### DATA
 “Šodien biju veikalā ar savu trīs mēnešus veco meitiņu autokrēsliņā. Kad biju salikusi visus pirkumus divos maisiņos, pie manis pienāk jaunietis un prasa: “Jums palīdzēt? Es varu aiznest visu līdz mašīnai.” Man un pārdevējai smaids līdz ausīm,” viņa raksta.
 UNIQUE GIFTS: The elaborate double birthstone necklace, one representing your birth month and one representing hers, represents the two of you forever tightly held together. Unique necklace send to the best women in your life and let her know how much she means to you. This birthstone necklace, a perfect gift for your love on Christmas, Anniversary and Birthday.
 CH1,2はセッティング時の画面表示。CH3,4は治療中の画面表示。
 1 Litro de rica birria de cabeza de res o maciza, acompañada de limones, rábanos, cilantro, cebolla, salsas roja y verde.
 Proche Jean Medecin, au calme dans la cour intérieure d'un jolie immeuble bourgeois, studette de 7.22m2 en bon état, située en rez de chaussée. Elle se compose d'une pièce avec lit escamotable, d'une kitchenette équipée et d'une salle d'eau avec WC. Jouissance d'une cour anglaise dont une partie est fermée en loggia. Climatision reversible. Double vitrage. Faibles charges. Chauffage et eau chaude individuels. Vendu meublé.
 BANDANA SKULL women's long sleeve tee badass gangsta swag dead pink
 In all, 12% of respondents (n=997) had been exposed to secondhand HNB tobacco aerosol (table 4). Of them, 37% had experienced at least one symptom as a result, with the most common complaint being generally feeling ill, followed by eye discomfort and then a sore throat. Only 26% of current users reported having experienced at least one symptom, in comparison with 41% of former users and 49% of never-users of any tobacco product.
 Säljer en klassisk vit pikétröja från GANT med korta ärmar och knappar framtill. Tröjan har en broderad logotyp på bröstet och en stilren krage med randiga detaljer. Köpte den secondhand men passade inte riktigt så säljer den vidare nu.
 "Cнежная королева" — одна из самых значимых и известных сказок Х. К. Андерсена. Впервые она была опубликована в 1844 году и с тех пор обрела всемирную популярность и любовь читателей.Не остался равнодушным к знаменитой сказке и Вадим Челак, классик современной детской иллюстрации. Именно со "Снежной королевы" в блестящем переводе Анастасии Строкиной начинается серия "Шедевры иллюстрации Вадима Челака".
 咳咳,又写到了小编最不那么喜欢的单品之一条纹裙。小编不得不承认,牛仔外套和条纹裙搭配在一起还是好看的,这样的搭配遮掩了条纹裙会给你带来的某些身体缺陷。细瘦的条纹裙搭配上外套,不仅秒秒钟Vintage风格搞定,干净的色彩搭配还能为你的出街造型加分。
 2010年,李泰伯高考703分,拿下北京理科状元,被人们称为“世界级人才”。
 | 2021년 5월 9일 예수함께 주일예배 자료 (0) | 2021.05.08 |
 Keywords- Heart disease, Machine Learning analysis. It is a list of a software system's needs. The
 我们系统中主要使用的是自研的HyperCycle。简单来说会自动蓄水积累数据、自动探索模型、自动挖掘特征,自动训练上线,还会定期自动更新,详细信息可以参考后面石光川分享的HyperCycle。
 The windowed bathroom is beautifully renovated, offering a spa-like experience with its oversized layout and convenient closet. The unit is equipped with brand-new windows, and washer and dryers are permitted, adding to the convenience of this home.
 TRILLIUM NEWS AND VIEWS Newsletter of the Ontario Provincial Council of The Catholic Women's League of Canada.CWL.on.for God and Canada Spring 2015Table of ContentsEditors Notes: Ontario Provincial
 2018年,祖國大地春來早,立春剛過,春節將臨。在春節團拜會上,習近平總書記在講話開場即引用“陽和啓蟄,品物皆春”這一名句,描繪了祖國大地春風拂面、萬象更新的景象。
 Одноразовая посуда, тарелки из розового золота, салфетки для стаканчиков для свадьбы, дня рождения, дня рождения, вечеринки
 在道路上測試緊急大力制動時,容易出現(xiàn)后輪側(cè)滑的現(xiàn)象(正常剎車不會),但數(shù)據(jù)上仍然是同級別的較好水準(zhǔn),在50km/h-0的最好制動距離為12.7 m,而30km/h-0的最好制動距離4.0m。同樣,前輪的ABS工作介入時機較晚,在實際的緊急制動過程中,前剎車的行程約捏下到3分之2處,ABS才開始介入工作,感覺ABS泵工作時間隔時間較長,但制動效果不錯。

### EXERCISE DIRECTIONS
Send back exactly the lines from the line with "2018年,祖國大地春來早,立春剛過,春" through the end of the records.

### SOLUTION
 2018年,祖國大地春來早,立春剛過,春節將臨。在春節團拜會上,習近平總書記在講話開場即引用“陽和啓蟄,品物皆春”這一名句,描繪了祖國大地春風拂面、萬象更新的景象。
 Одноразовая посуда, тарелки из розового золота, салфетки для стаканчиков для свадьбы, дня рождения, дня рождения, вечеринки
 在道路上測試緊急大力制動時,容易出現(xiàn)后輪側(cè)滑的現(xiàn)象(正常剎車不會),但數(shù)據(jù)上仍然是同級別的較好水準(zhǔn),在50km/h-0的最好制動距離為12.7 m,而30km/h-0的最好制動距離4.0m。同樣,前輪的ABS工作介入時機較晚,在實際的緊急制動過程中,前剎車的行程約捏下到3分之2處,ABS才開始介入工作,感覺ABS泵工作時間隔時間較長,但制動效果不錯。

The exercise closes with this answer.